Entries taken from a collection:
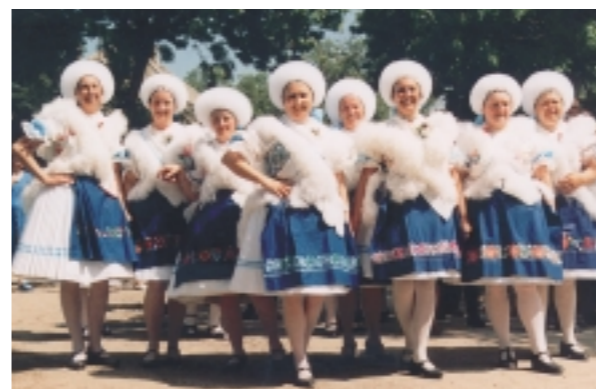
Menyecskek bujdos fejke tőben, pulykakendőben
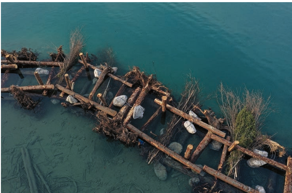
Holzriffe im Brienzersee dienen u. a. als Fischunterstand. Diese Aufnahme erfolgte kurz nach Fertigstellung bei sehr niedrigem Wasserstand. Koordinaten: 2'646'390, 1'176'640

Das Seeufer im Bereich «Im Brunnen» (Gemeinde Brienz) am östlichen Ende des Brienzersees wies gemäss der strategischen Revitalisierungsplanung einen ökomorphologisch naturfremden Zustand mit hohem Nutzen und hohem Aufwertungspotenzial auf. Im Jahr 2022 realisierte die Zentralbahn als Ersatz-
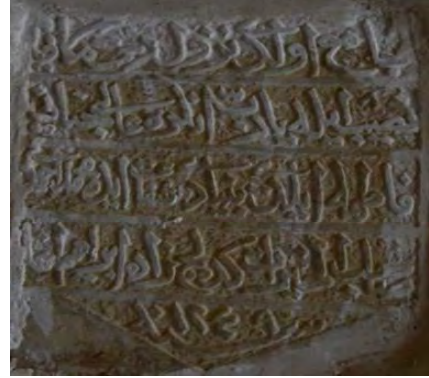
Resim 4: Harim giriş kapısı üzerindeki kitabe
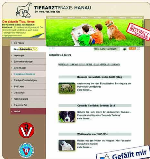
www.Tierinfo-Hanau.de: Neuigkeiten aus der Praxis oder aus dem Umfeld finden Sie hier oder unter www.facebook.de/TierarztpraxisHanau
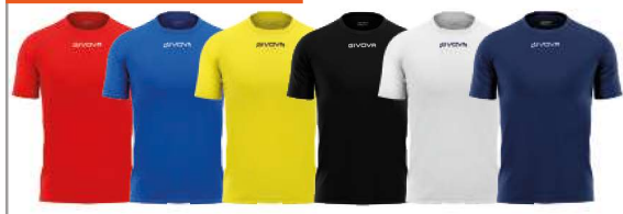
SHIRT CAPO - MAC03
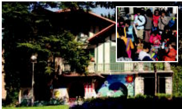
Urtebete honetan Villabonako gaztetxean hainbat ekintza burutu dituzte. HITZA

Ez daudela oso momentu goxoan azaldu dute: «Guk beti irtenbidetzat Haur Eskola beste nonbaiten egitea ikusi dugu, behar duguna badugulako; Udalak Haur Eskola bertan kapritxoz nahi duelako, guretzat besterik bilatzea dirua alferrik gastatzea dela ikusten dugu. Hala ere, Udalarekin hizketan gabilta nora bidali nahi gaituzten jakiteko. Hasiera batean herriatik kanpo bidali nahi gintuzten, eta baita lurrzaira ere. Horregatik, gure jarrera mantenduko genuela eta eskatutako baldintzak betetzen ez baziren Urdapileta ez genuela utziko esan genion Udalari». Egungo haurtzaindegia Aldundiarena denez, hara ere jo dute Gaztetxeok eta Udalak, eta
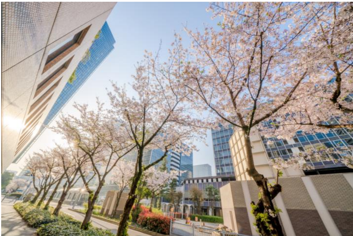
<昨年の最優秀賞作品>

今回で3回目を迎えるこのコンテストは、美しい桜があふれる大阪ダイヤモンド地区の高層ビル群と自然の美しい調和を写真に収めていただくというもので、地下街が発達している梅田地区にあって、日ごろ地下を歩いている方にも、『都会の真ん中に咲いている桜』だからこそその魅力を感じて地上を歩いていただき、改めて、同地区の魅力を多くの方々に発見してもらおうというものです。昨年からはInstagramでの応募も開始し、徐々に地区イベントとして定着しつつあります。

Work task: What is needed is an exact restatement of every line from the line containing "www.Tierinfo-Hanau.de: Neuigkeiten aus" through the last line of the records, minus any pictures.

Output:
www.Tierinfo-Hanau.de: Neuigkeiten aus der Praxis oder aus dem Umfeld finden Sie hier oder unter www.facebook.de/TierarztpraxisHanau
SHIRT CAPO - MAC03
Urtebete honetan Villabonako gaztetxean hainbat ekintza burutu dituzte. HITZA

Ez daudela oso momentu goxoan azaldu dute: «Guk beti irtenbidetzat Haur Eskola beste nonbaiten egitea ikusi dugu, behar duguna badugulako; Udalak Haur Eskola bertan kapritxoz nahi duelako, guretzat besterik bilatzea dirua alferrik gastatzea dela ikusten dugu. Hala ere, Udalarekin hizketan gabilta nora bidali nahi gaituzten jakiteko. Hasiera batean herriatik kanpo bidali nahi gintuzten, eta baita lurrzaira ere. Horregatik, gure jarrera mantenduko genuela eta eskatutako baldintzak betetzen ez baziren Urdapileta ez genuela utziko esan genion Udalari». Egungo haurtzaindegia Aldundiarena denez, hara ere jo dute Gaztetxeok eta Udalak, eta
<昨年の最優秀賞作品>

今回で3回目を迎えるこのコンテストは、美しい桜があふれる大阪ダイヤモンド地区の高層ビル群と自然の美しい調和を写真に収めていただくというもので、地下街が発達している梅田地区にあって、日ごろ地下を歩いている方にも、『都会の真ん中に咲いている桜』だからこそその魅力を感じて地上を歩いていただき、改めて、同地区の魅力を多くの方々に発見してもらおうというものです。昨年からはInstagramでの応募も開始し、徐々に地区イベントとして定着しつつあります。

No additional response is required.